Russia’s Foreign Ministry has issued a diplomatic protest note to the U.S. State Department for its closure of several Russian foreign policy consulates and missions that have marked increasing tensions between the two nations in the past several years.
The United States has shuttered Russian consulates, seized diplomatic compounds and expelled dozens of Russian diplomats in response to allegations against Russia of interference in the 2016 U.S. presidential election and involvement in the Novichok nerve agent attack in Britain.
Russia’s Foreign Ministry issued the protest note in response to what it said was the “continuing breach of international law by the United States with regard to the diplomatic missions and consular posts of the Russian Federation,” according to an online statement published Friday.
The note, dated Aug. 7, said that America’s actions were incompatible with several international treaties — the UN Charter, the Vienna Convention on Diplomatic Relations and the the Vienna Convention on Consular Relations — and undermined efforts at world peace.

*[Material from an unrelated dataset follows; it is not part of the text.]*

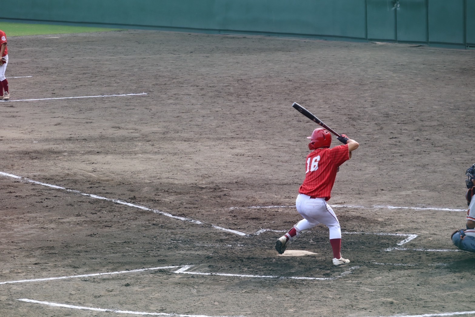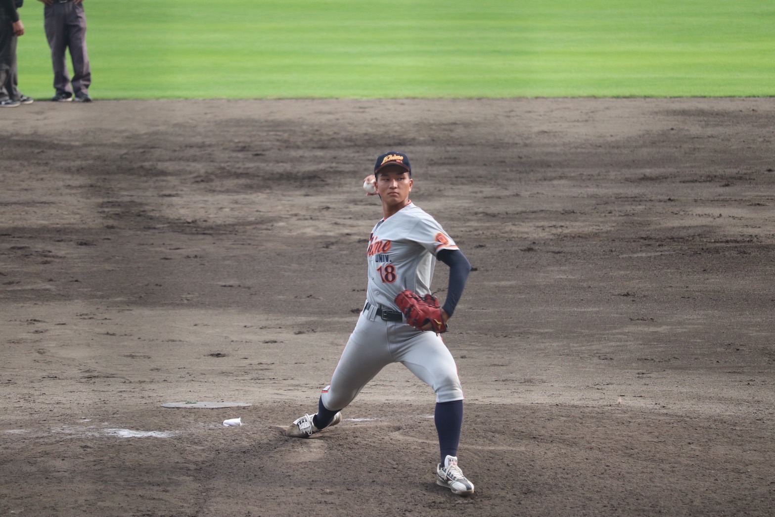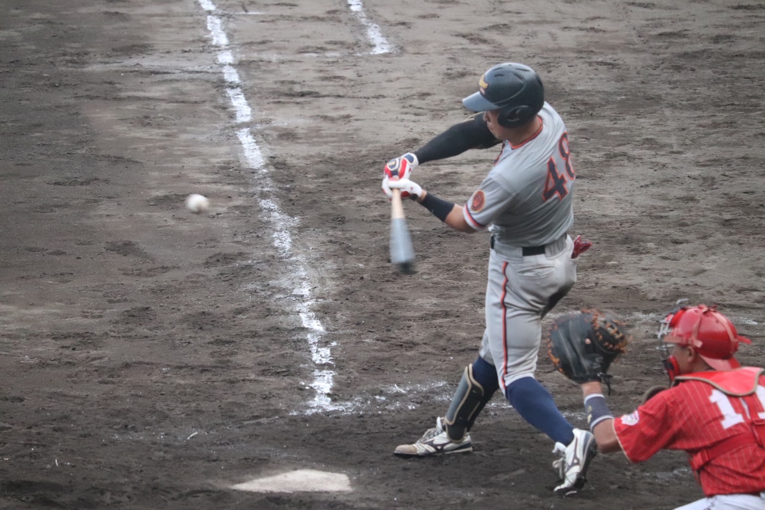 愛媛大と四学大の第2回戦は、昨日の投手戦とは打って変わって乱打戦となった。愛媛大は初回、塚本(2年:武田)、太田(2年:松山北)が連打でチャンスを作ると、4番米山(4年:伊那北)のタイムリーヒットで先制点をあげる。しかしその裏、四学大は死球でランナーを出すと島袋(2年:KBC学園未来沖縄)がレフトへのツーランホームランを放ち逆転に成功する。続く2回にも先頭の桃原(2年:コザ)が安打で出塁すると、ショートゴロの間に追加点をあげる。負けじと愛媛大も、3回に四球でランナーを出すと、臼井(4年:祇園北)がタイムリーヒットを放ち、4回には相手の守備が乱れる間にすぐに同点に追いつく。また、5回には安打でランナーを溜めると、またも4番米山が走者一掃となるタイムリースリーベースヒット、続く奥信(3年:盈進)もタイムリーヒットを放ち一挙3得点で勝ち越しに成功する。愛媛大は7回、8回にも追加点をあげ、四学大を一気に引き離す。何としても逆転したい四学大だったが、愛媛大の2番手中尾(2年:松山東)を前に3回からはチャンスを作れずゲームセット。愛媛大が大量得点で勝利し2連勝で勝点を獲得した。
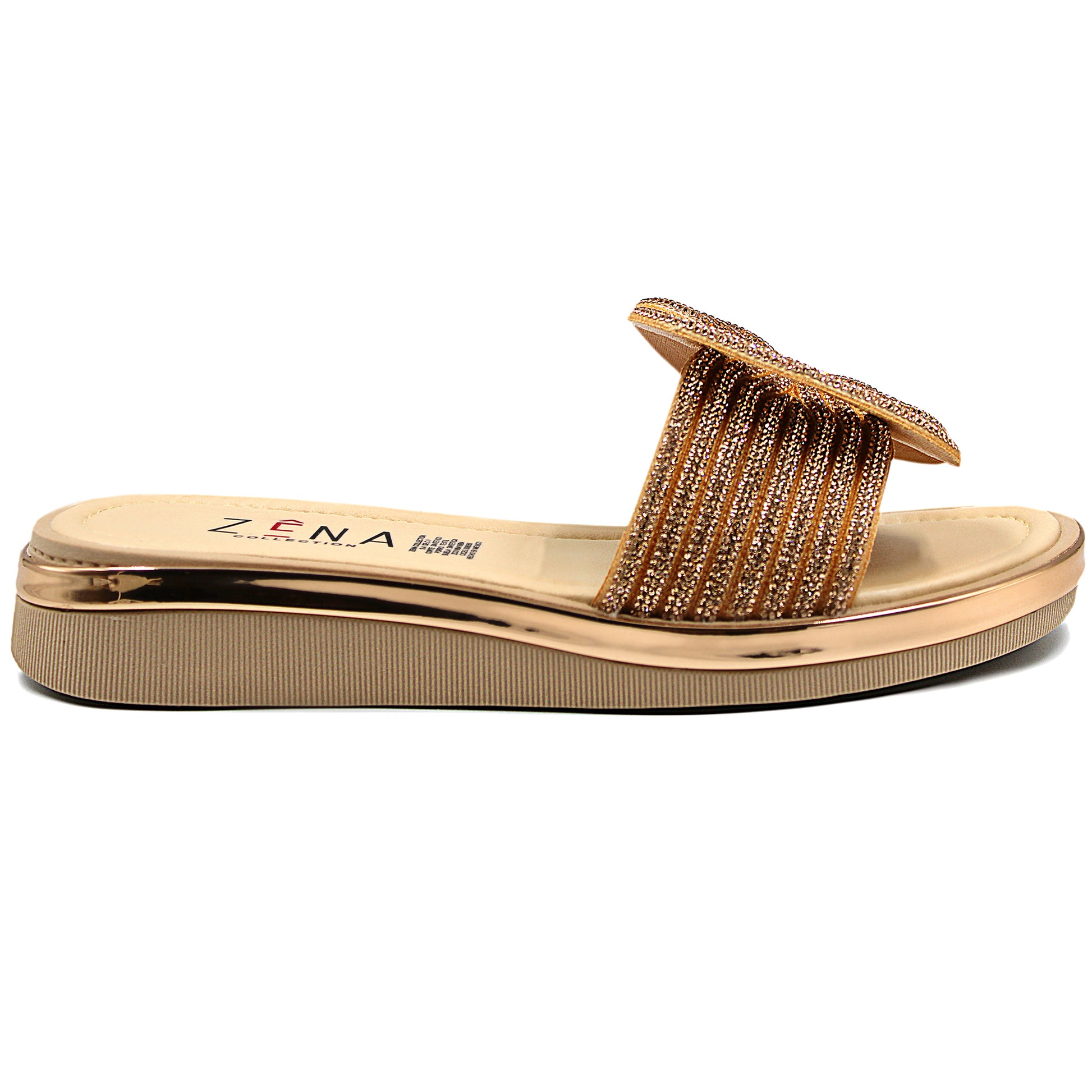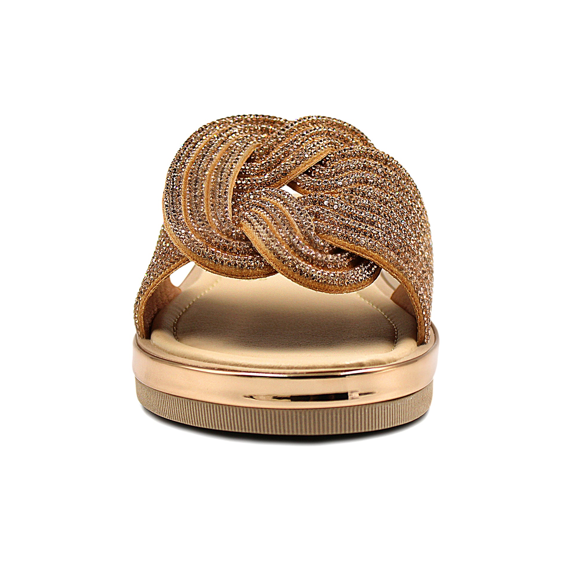 Brilla con este calzado versátil y cómodo en color oro rosa con pedrería.

Separately, Moscow said it drew the UN’s attention to the dispute, which it argued “goes far beyond Russian-U.S. bilateral relations and affects the interests of the entire international community.”
The note requested that the State Department clarify the current status of the closed consulates, detail measures taken to safeguard the property and list all individuals who entered the missions without the consent of the Russian government.